Millions of young people in developing countries who are poised to enter the labour force in the coming decades need not flee rural areas to escape poverty, the United Nations Food and Agriculture Organization (FAO) said in a report released on Monday.
Rural areas have vast potential for economic growth pegged to food production and related sectors, the annual State of Food and Agriculture report said.
With the majority of the world's poor and hungry living in these areas, achieving the 2030 development agenda will hinge on unlocking this frequently neglected potential, it said.
Doing so will require overcoming a thorny combination of low productivity in subsistence agriculture, limited scope for industrialization in many places, and rapid population growth and urbanization - all of which pose challenges to developing nations' capacity to feed and employ their citizens, according to the Rome-based UN agency.
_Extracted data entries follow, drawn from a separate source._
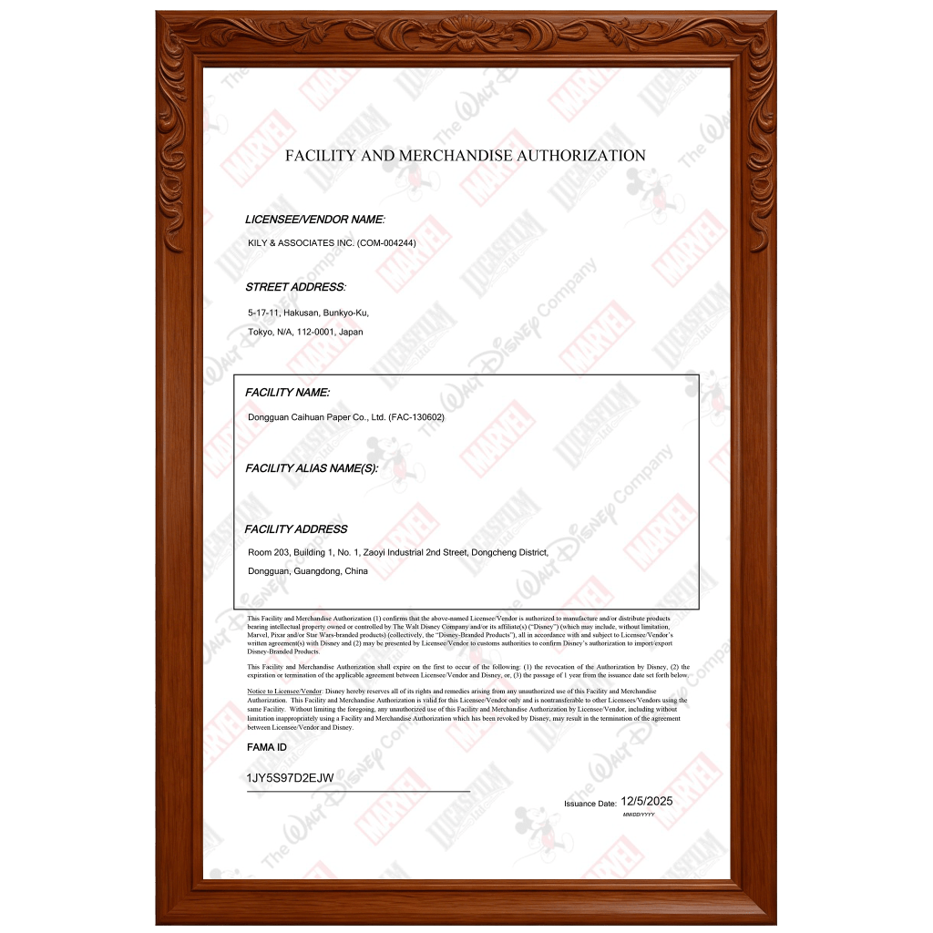 我们工厂已获得迪士尼认证、FSC认证、ACM认证,并拥有多项专利和版权。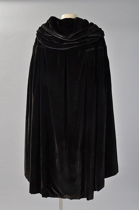 Avondcape, zwart fluweel met paarse chiffon voering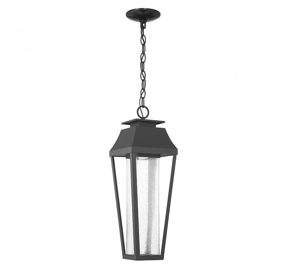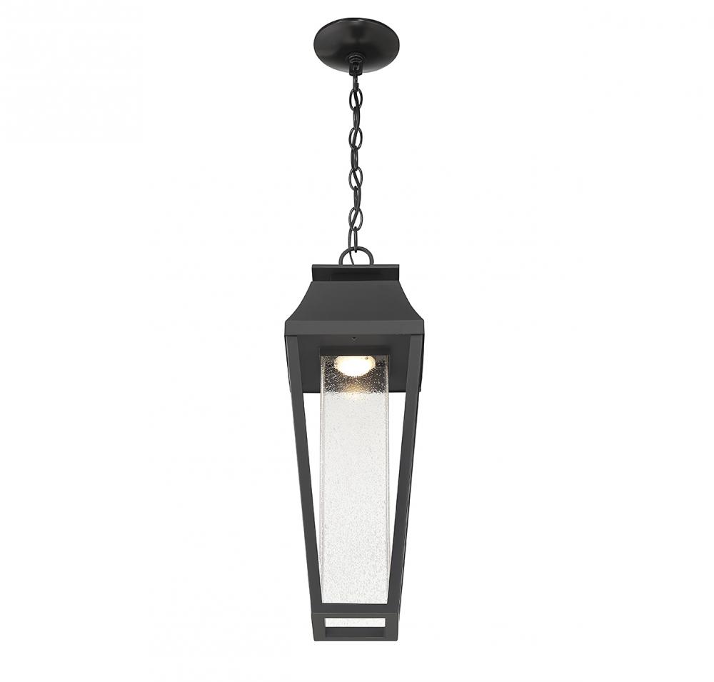 From Savoy House, the Brookline 1-light outdoor hanging light showcases a more contemporary take on classic lantern-style illumination with a central column of clear seeded glass illuminated by integrated LED light. The matte black finish adds versatility. Brookline is 21.75" in height and 7.25" in width.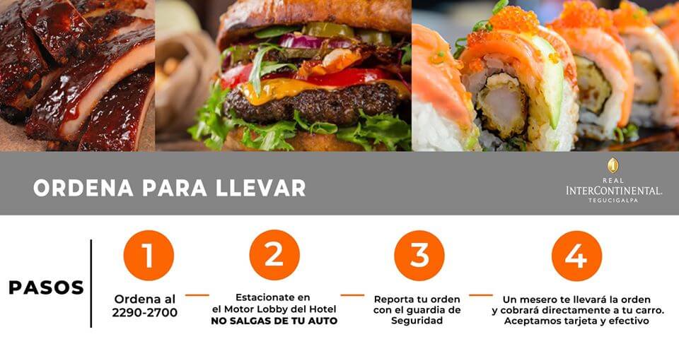 Es uno de los hoteles que ofrece el servicio más completo de ordenar para llevar. Tienen una amplia variedad en su menú, como sushi, pizzas, hamburguesas, carnes, así como vinos y servicio de repostería. Lo único que debes hacer es llamar con antelación al teléfono 2290-2700 y ordenar lo que desees. Puedes cancelar con tarjeta de crédito y débito, o si lo prefieres con efectivo.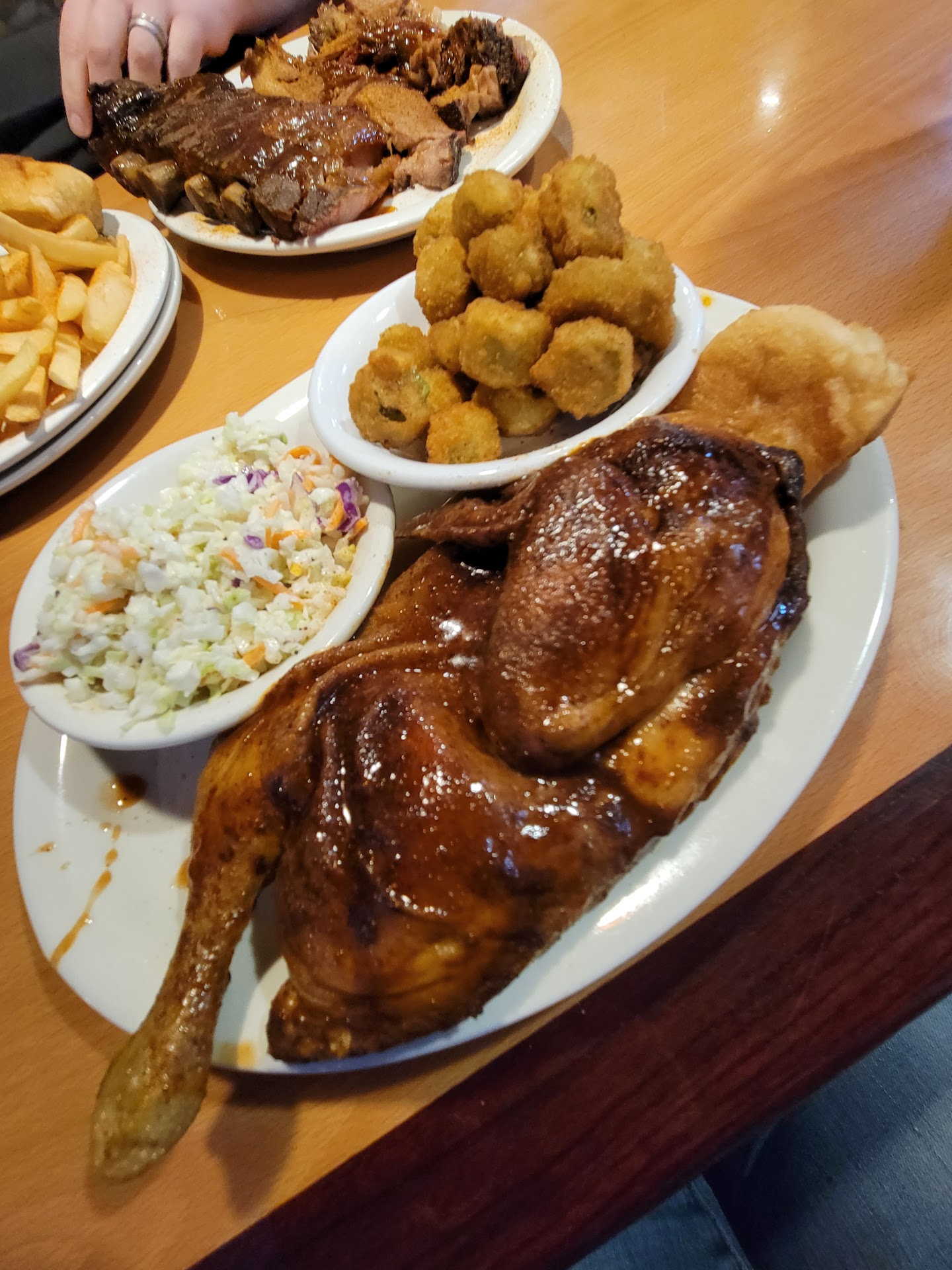 Read moreCannot recommend Marlowes. Picked up 15 minutes late in a beat up, old pink Cadillac limo by a driver who had nothing good to say about the limos except that they were broken down beaters with too many miles and too many years on them. He also bragged on the food and he couldn’t have been more wrong. First, the interior was filled with Elvis memorabilia, which is fine, it’s only a mile from Graceland. But the rest of the place is stuck in the 60s with dirty carpet, old furnishings, and generally had the appearance of a run down on its last legs restaurant. I had the two meat, two side combination. My wife had smoked half chicken with coleslaw & baked potato. My two meats were brisket and pork ribs with corn fritters and fried okra. My wife said the chicken was awful as was the coleslaw. The baked potato was cold. My brisket was pretty good but the chef dumped BBQ sauce all over it on the plate and mostly ruined the flavor. The pork ribs were horrible. Everyone knows ribs are smoked or grilled on a smoker with good smoke until they shrink on the bone about a half inch and have a darkish caramel color. They’re then basted or mopped with bbq sauce lightly about 3 or 4 times until the bbq sauce is baked in. Not these ribs. They tasted like they were pressure cooked for 20 to 30 minutes placed on a plate and had bbq sauce poured over them, then served. Just terrible! Nothing wrong with the frozen corn and okra deep fried and served. The place also had a bothersome fly that would not stop landing on or near our food.Now for the real shocker. For my wife and I, we got to pay $85 for that slop. I don’t want to eat bad food for free, let alone pay $85 for that opportunity. If you’re looking for good food at a reasonable price,...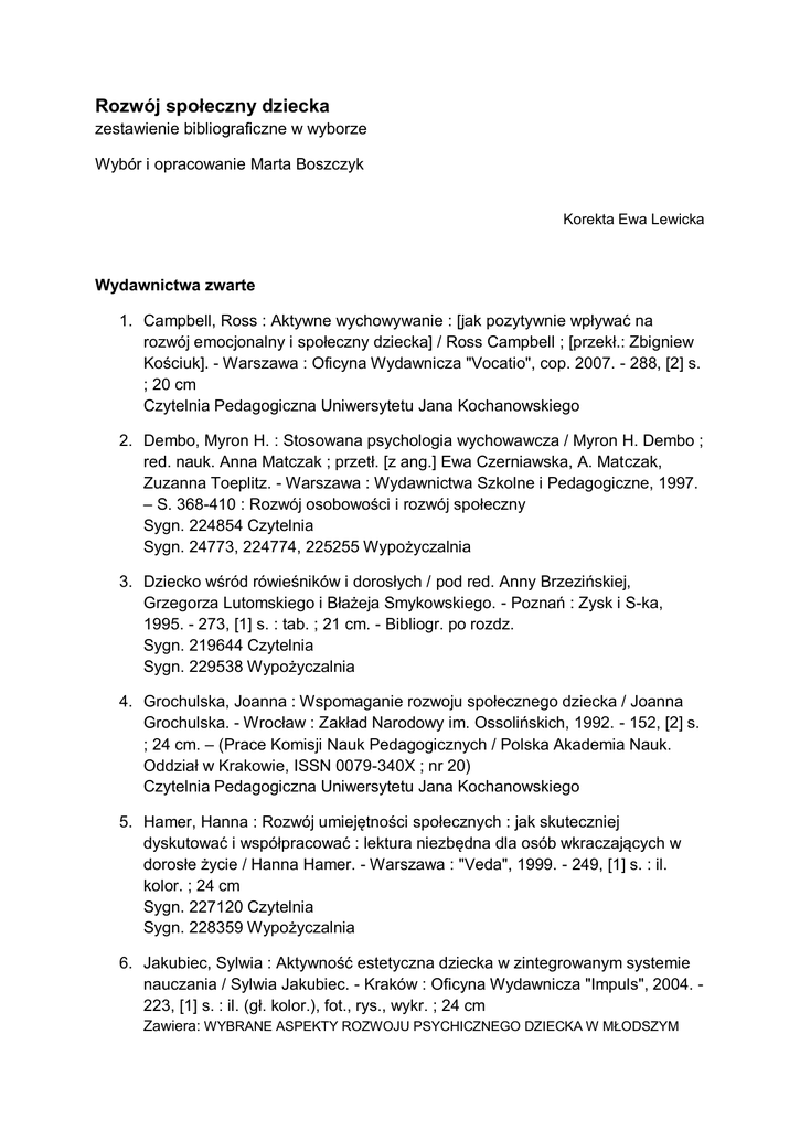Rozwój społeczny dziecka zestawienie bibliograficzne w wyborze Wybór i opracowanie Marta Boszczyk Korekta Ewa Lewicka Wydawnictwa zwarte 1. Campbell, Ross : Aktywne wychowywanie : [jak pozytywnie wpływać na rozwój emocjonalny i społeczny dziecka] / Ross Campbell ; [przekł.: Zbigniew Kościuk]. - Warszawa : Oficyna Wydawnicza "Vocatio", cop. 2007. - 288, [2] s. ; 20 cm Czytelnia Pedagogiczna Uniwersytetu Jana Kochanowskiego 2. Dembo, Myron H. : Stosowana psychologia wychowawcza / Myron H. Dembo ; red. nauk. Anna Matczak ; przetł. [z ang.] Ewa Czerniawska, A. Matczak, Zuzanna Toeplitz. - Warszawa : Wydawnictwa Szkolne i Pedagogiczne, 1997. – S. 368-410 : Rozwój osobowości i rozwój społeczny Sygn. 224854 Czytelnia Sygn. 24773, 224774, 225255 Wypożyczalnia 3. Dziecko wśród rówieśników i dorosłych / pod red. Anny Brzezińskiej, Grzegorza Lutomskiego i Błażeja Smykowskiego. - Poznań : Zysk i S-ka, 1995. - 273, [1] s. : tab. ; 21 cm. - Bibliogr. po rozdz. Sygn. 219644 Czytelnia Sygn. 229538 Wypożyczalnia 4. Grochulska, Joanna : Wspomaganie rozwoju społecznego dziecka / Joanna Grochulska. - Wrocław : Zakład Narodowy im. Ossolińskich, 1992. - 152, [2] s. ; 24 cm. – (Prace Komisji Nauk Pedagogicznych / Polska Akademia Nauk. Oddział w Krakowie, ISSN 0079-340X ; nr 20) Czytelnia Pedagogiczna Uniwersytetu Jana Kochanowskiego 5. Hamer, Hanna : Rozwój umiejętności społecznych : jak skuteczniej dyskutować i współpracować : lektura niezbędna dla osób wkraczających w dorosłe życie / Hanna Hamer. - Warszawa : "Veda", 1999. - 249, [1] s. : il. kolor. ; 24 cm Sygn. 227120 Czytelnia Sygn. 228359 Wypożyczalnia 6. Jakubiec, Sylwia : Aktywność estetyczna dziecka w zintegrowanym systemie nauczania / Sylwia Jakubiec. - Kraków : Oficyna Wydawnicza "Impuls", 2004. 223, [1] s. : il. (gł. kolor.), fot., rys., wykr. ; 24 cm Zawiera: WYBRANE ASPEKTY ROZWOJU PSYCHICZNEGO DZIECKA W MŁODSZYM WIEKU SZKOLNYM: Pojęcie rozwoju psychicznego (podstawowe czynniki rozwoju, aktywność jako główny wyznacznik rozwoju), Rozwój twórczy (znaczenie pojęcia twórczość, cechy myślenia twórczego, czynniki i metody rozwijania wyobraźni, istota twórczości dziecięcej), Aktywność twórcza dziecka (ekspresja jako przejaw aktywności twórczej, warunki sprzyjające rozwijaniu aktywności twórczej), Rozwój estetyczny (rozwijanie wrażliwości estetycznej, wzbogacanie zasobu pojęć estetycznych), Rozwój społeczny w zakresie funkcjonowania w zespole. Sygn. 238724 Czytelnia Sygn. 249010, 249091 Wypożyczalnia 7. Janowski, Andrzej : Prestiż ucznia wśród rówieśników / Andrzej Janowski, Roman Stachyra. - Warszawa : Wydawnictwa Szkolne i Pedagogiczne, 1985. - 189, [3] s. : rys. ; 23 cm. - Bibliogr. s. 188-[190] Sygn. 180073 Czytelnia Sygn . 180074, 180075, 180076, 180077, 180078 Wypożyczalnia 8. Jelonek, Adam W. : Koncepcje rozwoju społecznego / Adam W. Jelonek, Krzysztof Tyszka. - Warszawa : "Scholar", 2001. - 204 s. : il. ; 24 cm. Bibliogr. s. 189-200 Sygn. 232476 Czytelnia Sygn. 232942, 232943 Wypożyczalnia 9. Kopik, Aldona : Akceleracja rozwoju dzieci siedmioletnich rozpoczynających naukę szkolną : (na podstawie badań przekrojowych z lat 1972/1973 i 1992/1993) / Aldona Kopik. - Kielce : Wyższa Szkoła Pedagogiczna im. Jana Kochanowskiego, 1996. – S. 74-93 : Poziom rozwoju społecznego badanych dzieci ; S. 108-109 : Rozwój społeczny Sygn. 221231 Czytelnia Sygn. 222166, 235719 Wypożyczalnia 10. Kowalik, Stanisław : Rozwój społeczny // W: Psychologia rozwoju człowieka. T. 3, Rozwój funkcji psychicznych / red. nauk. Barbara Harwas-Napierała i Janusz Trempała. - Warszawa : Wydawnictwo Naukowe PWN, 2002. - S. 71105 Sygn. 235253 Czytelnia Sygn. 235254, 235255, 235256, 235257 Wypożyczalnia 11. Matczak, Anna : Zarys psychologii rozwoju : podręcznik dla nauczycieli / Anna Matczak. - Warszawa : Wydawnictwo Akademickie "Żak", cop. 2003. – S. 154183 : Rozwój społeczny Sygn. 235974 Czytelnia Sygn. 235975, 235976, 235977, 235978 Wypożyczalnia 12. Przetacznikowa, Maria : Rozwój uczuciowy i społeczny // W: Psychologia rozwojowa dzieci i młodzieży / aut. Zofia Babska [et al.] ; red. Maria Żebrowska. - Wyd. 6 zm. - Warszawa : Państwowe Wydawnictwo Naukowe, 1975. – S. 487-498 Sygn. 116285 Czytelnia Sygn. 116286, 116287, 116288 Wypożyczalnia 13. Psychologia dziecka / Ross Vasta, Marshall M. Haith, Scott A. Miller ; red. nauk. Anna Matczak ; przetł. [z ang.] Małgorzata Babiuch [et al.]. - Warszawa : Wydawnictwa Szkolne i Pedagogiczne, 1995. – S. 441-477 : Rozwój społeczny i osobowości Sygn. 219993 Czytelnia Sygn. 220032, 227112, 227113, 227637, 229677 Wypożyczalnia 14. Rathus, Spencer A. : Psychologia współczesna / Spencer A. Rathus ; przekł. Bogdan Wojciszke. - Gdańsk : Gdańskie Wydawnictwo Psychologiczne, 2004. – S. 166-175 : Rozwój społeczny Sygn. 237868 Czytelnia Sygn. 239070 Wypożyczalnia 15. Seul, Sylwia : Kontekst społeczny w późnym dzieciństwie a rola ucznia / Sylwia Seul. - Kraków : Oficyna Wydawnicza "Impuls", 2009. - 244 s. : il. ; 23 cm. - Bibliogr. s. 217-231 Czytelnia Pedagogiczna Uniwersytetu Jana Kochanowskiego 16. Skipor-Rybacka, Irena : Czy przedszkole przygotowuje dzieci do życia szkolnego ? : (dojrzałość społeczna dzieci siedmioletnich do podjęcia roli ucznia i jej wychowawcze uwarunkowania) / Irena Skipor-Rybacka. - Poznań : Wydawnictwo Naukowe Uniwersytetu im. Adama Mickiewicza, 1991. - 114, [1] s. ; 24 cm. - Bibliogr. s. 104-112 Zawiera: Psychologiczna i pedagogiczna problematyka dojrzałości szkolnej (Przegląd badań nad dojrzałością szkolną, Prognostyczność badań dojrzałości szkolnej) ; Istota dojrzałości społecznej (Dojrzałość a rozwój społeczny dzieci 7-letnich, Analiza przesłanek stanowiących o zakresie pojęcia dojrzałości społecznej do podjęcia roli ucznia) ; Ogólna charakterystyka czynników determinujących dojrzałość społeczną dzieci siedmioletnich ; Metodologiczna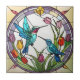 Two Hummingbirds & Tulip Flower Faux Stained Glass Tile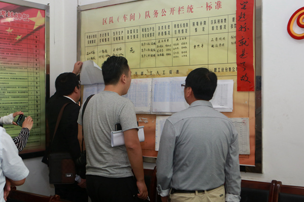 互檢工作組一行到礦后,與該礦領導進行了座談,聽取該礦開展礦務公開民主管理工作情況的匯報。隨后,互檢組成員對該礦工會礦務公開民主管理基礎資料進行查看,并到基層單位觀看了礦務、隊務公開欄及職工活動室。同時還組織該礦10名職工代表進行了座談。

Transformations of rural economies have been credited with helping hundreds of millions of rural people lift themselves up out of poverty since the 1990s, the report noted. However that progress has been patchy, and demographic growth is raising the stakes. Targeting policy support and investment to rural areas to build vibrant food systems and supporting agro-industries that are well connected to urban zones -especially small and medium size cities - can create employment and allow more people to stay, and thrive, in the countryside represents a strategic intervention, the report said. "Too often ignored by policy-makers and planners, territorial networks of small cities and towns are important reference points for rural people - the places where they buy their seed, send their children to school and access medical care and other services," FAO Director-General José Graziano da Silva said in his forward to the report. "Policy-makers are urged to recognize the catalytic role of small cities and towns in mediating the rural-urban nexus and providing smallholder farmers with greater opportunities to market their produce and share in the benefits of economic growth".